DATA FOR THIS TASK –
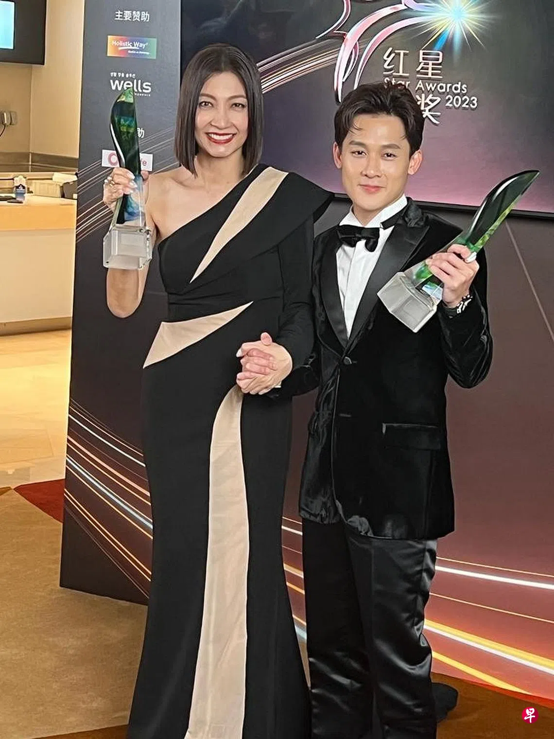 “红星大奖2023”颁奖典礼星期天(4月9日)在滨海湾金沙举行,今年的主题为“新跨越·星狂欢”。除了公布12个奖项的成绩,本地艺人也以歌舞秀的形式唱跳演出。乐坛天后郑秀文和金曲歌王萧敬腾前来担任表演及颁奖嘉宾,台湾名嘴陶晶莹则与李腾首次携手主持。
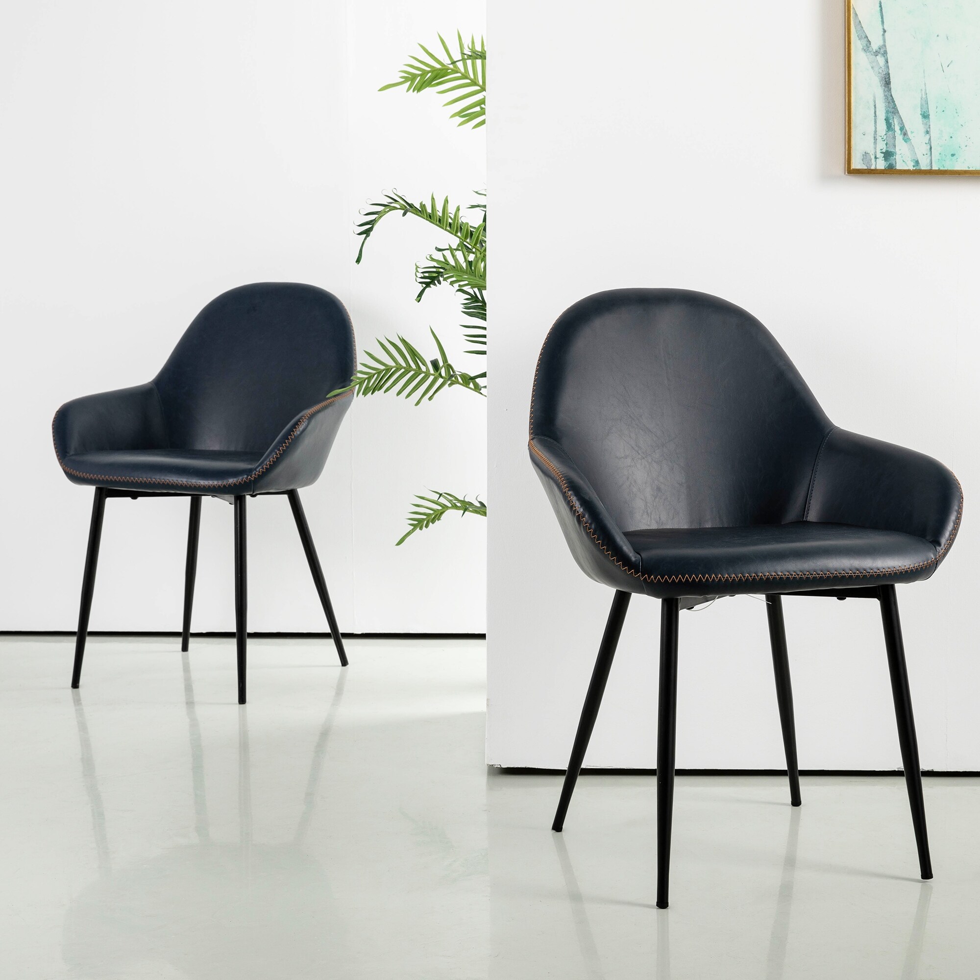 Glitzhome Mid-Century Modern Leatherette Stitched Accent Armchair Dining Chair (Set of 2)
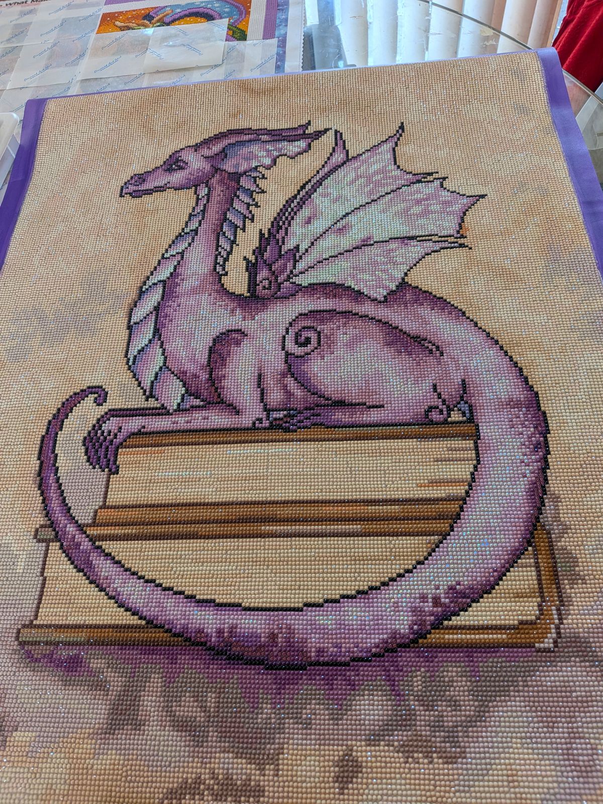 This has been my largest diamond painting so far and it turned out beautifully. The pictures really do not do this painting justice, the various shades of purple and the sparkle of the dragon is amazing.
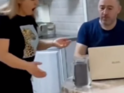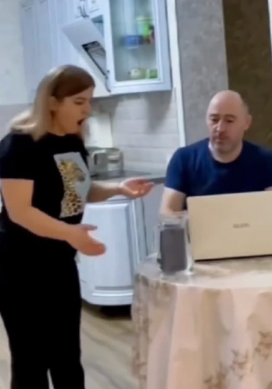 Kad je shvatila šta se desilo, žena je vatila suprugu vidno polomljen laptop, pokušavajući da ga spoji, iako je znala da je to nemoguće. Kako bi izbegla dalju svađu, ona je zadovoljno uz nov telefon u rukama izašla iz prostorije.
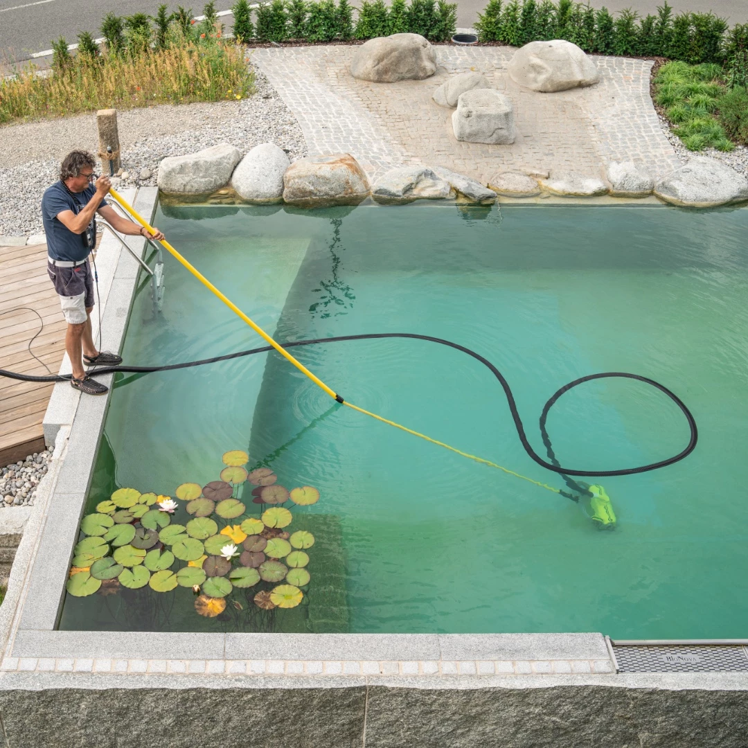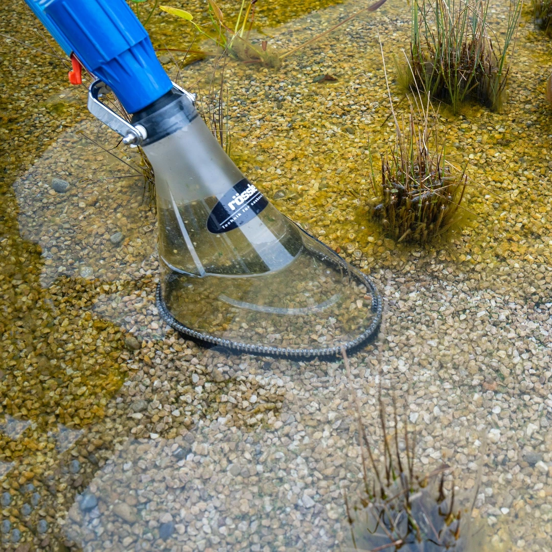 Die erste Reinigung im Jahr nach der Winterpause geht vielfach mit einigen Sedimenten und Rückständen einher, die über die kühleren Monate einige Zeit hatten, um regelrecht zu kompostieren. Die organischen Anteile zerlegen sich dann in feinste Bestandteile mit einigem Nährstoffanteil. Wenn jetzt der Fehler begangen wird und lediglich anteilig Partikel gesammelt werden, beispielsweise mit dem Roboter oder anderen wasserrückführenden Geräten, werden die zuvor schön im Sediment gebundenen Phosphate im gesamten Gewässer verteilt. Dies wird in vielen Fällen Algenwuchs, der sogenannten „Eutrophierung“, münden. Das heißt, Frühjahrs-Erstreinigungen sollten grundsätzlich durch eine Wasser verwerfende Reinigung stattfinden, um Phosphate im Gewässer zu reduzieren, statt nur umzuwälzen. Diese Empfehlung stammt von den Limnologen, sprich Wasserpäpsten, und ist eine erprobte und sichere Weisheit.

WORK REQUIRED –
When you reach the line that has "This has been" in the data above, start repeating lines exactly, and stop after the line that has "Kad je shvatila"; pictures stay out.

SOLUTION TO THIS PROBLEM –
 This has been my largest diamond painting so far and it turned out beautifully. The pictures really do not do this painting justice, the various shades of purple and the sparkle of the dragon is amazing.
 Kad je shvatila šta se desilo, žena je vatila suprugu vidno polomljen laptop, pokušavajući da ga spoji, iako je znala da je to nemoguće. Kako bi izbegla dalju svađu, ona je zadovoljno uz nov telefon u rukama izašla iz prostorije.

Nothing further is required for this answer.